Kinross Gold Corp. [K-TSX; KGC-NYSE] has released results of a prefeasibility study (PFS) for its Lobo-Marte Project in Chile. All dollar amounts are expressed in U.S. dollars, unless otherwise noted.
Lobo-Marte offers the potential of a cornerstone asset with attractive all-in sustaining costs to enhance Kinross’s long-term production profile. The project adds a significant 6.4 million gold ounces, representing an approximately 25% increase, to the company’s 2019 year-end mineral reserve estimates in a favourable mining jurisdiction. The reserve addition also increases Kinross’s reserve life index by approximately 2.5 years.
The PFS estimate includes total life-of-mine production of approximately 4.5 million gold ounces, an average cost of sales of $545/oz and an average all-in sustaining cost of sales of $745/oz during a 15-year mine life, which includes 12 years of mining followed by three years of residual processing. The project has attractive grades and a low estimated strip ratio, in part due to historical stripping completed at the Marte pit.
Life-of-mine production would be 4.5 million ounces of gold at a strip rate of 2.2 (waster); 1 (ore).

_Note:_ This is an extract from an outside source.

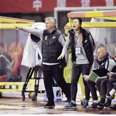 希丁克和中方教練組長孫繼海 新華社發(fā)

The company plans to commence a feasibility study later this year, with scheduled completion in the fourth quarter of 2021. The feasibility study is expected to provide the detailed engineering and project description required for permitting and submission of an environmental impact assessment.“The Lobo-Marte Project provides Kinross with an excellent, organic development option that has attractive all-in sustaining costs and offers substantial upside leverage to the gold price, without increasing project cost requirements and risk,” said J. Paul Rollinson, President and CEO. “The project represents a potential synergistic, long-term mine life extension in a favourable mining jurisdiction and delivers a significant 6.4-million-ounce addition to our current gold reserve estimates, increasing the company’s overall reserve mine life. As we move forward with the feasibility study for this longer-term project, we will continue to prioritize balance sheet strength and disciplined capital allocation.”